Informatievoorziening cruciaal

Een belangrijk onderdeel voor een functionerend stelsel is een adequate informatievoorziening: het streven is dat onder de omgevingswet alle stakeholders op een transparante en eenduidige wijze worden voorzien van de gewenste en benodigde informatie voor de (volledige) fysieke leefomgeving. In de afgelopen jaren is daarvoor een mooi ‘vergezicht’ bedacht: de ‘Laan van de Leefomgeving’.

In het ideaalplaatje is hiervoor er een database beschikbaar met alle relevante ruimtelijke gegevens, die op elke manier bevraagd kan worden en aan elke gebruiker het gewenste antwoord kan geven. Het omzetten van het groeiende data-aanbod naar (voor besluitvorming relevante) gegevens over de fysieke leefomgeving is een kernopgave van de inzet van digitalisering, aldus de wetgever [1]. Het gebruik van dataverkeer, de beschikbaarheid van een online loket en een brede beschikbaarheid van onderzoeksgegevens en andere relevante data zouden bij moeten dragen aan verdere vergroting van het gebruiksgemak [2].

Juridische aspecten van data

Bij de realisering van een dergelijk systeem spelen vele aspecten een rol. Denk bijvoorbeeld aan: wat is de rol van de raadpleger (initiatiefnemer, omwonende, bevoegd gezag of professional)? En wat is de reden van de raadpleging (randvoorwaarden voor een ontvankelijke bouwaanvraag, voorkomen dat mijn buurman te hoog bouwt, het verlenen van een omgevingsvergunning, of het garanderen van een verantwoord woon- en leefklimaat)? Daarnaast is ruimtelijke informatie dynamisch.
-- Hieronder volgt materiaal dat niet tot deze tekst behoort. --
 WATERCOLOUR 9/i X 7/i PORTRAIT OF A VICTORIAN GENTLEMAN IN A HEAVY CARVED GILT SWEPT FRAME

Om die reden is het beheer en het up-to-date houden van de informatie minstens net zo belangrijk als de raadpleging.

En last but not least: wat is de juridische status van de informatie uit het systeem? Kunnen initiatiefnemers ervan uitgaan dat de huidige bebouwing precies is gesitueerd op de plek waarop die in het geraadpleegde informatiesysteem staat vermeld? Kunnen omwonenden ervan uitgaan dat de gevelbelasting op hun woning precies de waarde is die in het geraadpleegde informatiesysteem staat aangegeven? En kunnen professionals de informatie zodanig vertalen dat deze voor leken begrijpelijk wordt en zij meteen de consequenties kunnen overzien? Welke rechten kunnen de gebruikers aan de informatie ontlenen, en kan deze informatie ook gebruikt worden bij juridische procedures?
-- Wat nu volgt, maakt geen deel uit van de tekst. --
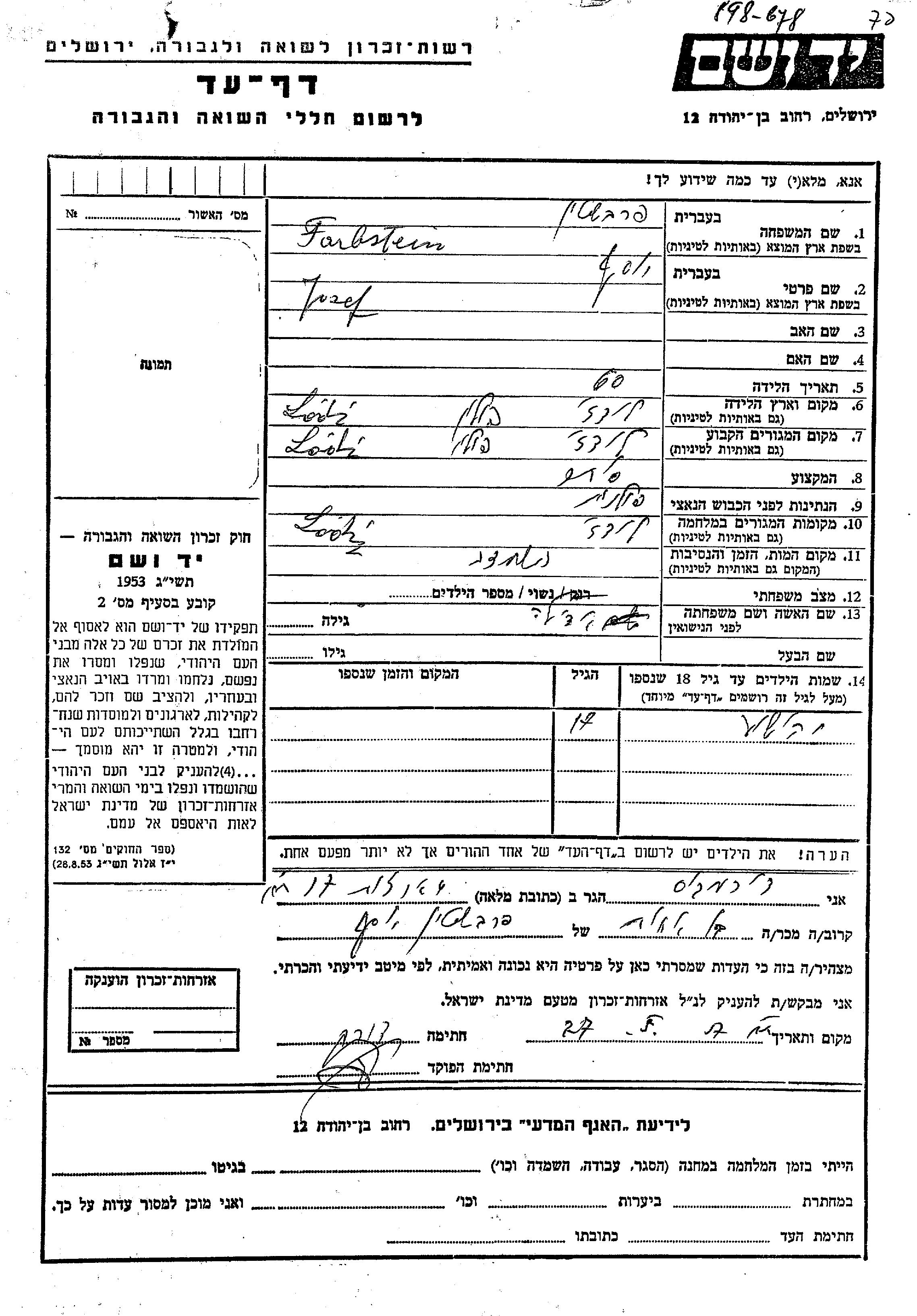 Фарбштайн Иегошуа Лодзь, Польша Лист свидетельских показаний

Het vergezicht van de Laan van Leefomgeving blijft vooralsnog een vergezicht. Het is namelijk geen feit op het moment dat de Omgevingswet wordt ingevoerd. Wel zal er een informatiesysteem komen (het digitaal stelsel omgevingswet, DSO) dat het mogelijk maakt de bestemmingen (straks vrij in te vullen functies) te visualiseren in het Omgevingsplan en per coördinaat de (op die plek van toepassing zijnde) regels en verordeningen te raadplegen. Daarmee lijkt de functionaliteit van het DSO vooralsnog behoorlijk op het nu goed werkende ruimtelijkeplannen.nl (de plek waar alle bestemmingsplannen, structuurvisies en algemene ruimtelijke regels gepubliceerd worden).

Ook de functionaliteit van het Omgevingsloket Omgevingsvergunning (OLO) zal worden geïntegreerd in het informatiesysteem. Hier kunnen/moeten vergunningsaanvragen (net als nu) geautomatiseerd worden aangevraagd. Daarbij wordt nog getest of vergunningaanvragen, mits volledig en ontvankelijk, meteen geautomatiseerd kunnen worden afgegeven.

Data en gebiedsontwikkeling door Mei-Li Nieuwland (bron: Gebiedsontwikkeling.nu)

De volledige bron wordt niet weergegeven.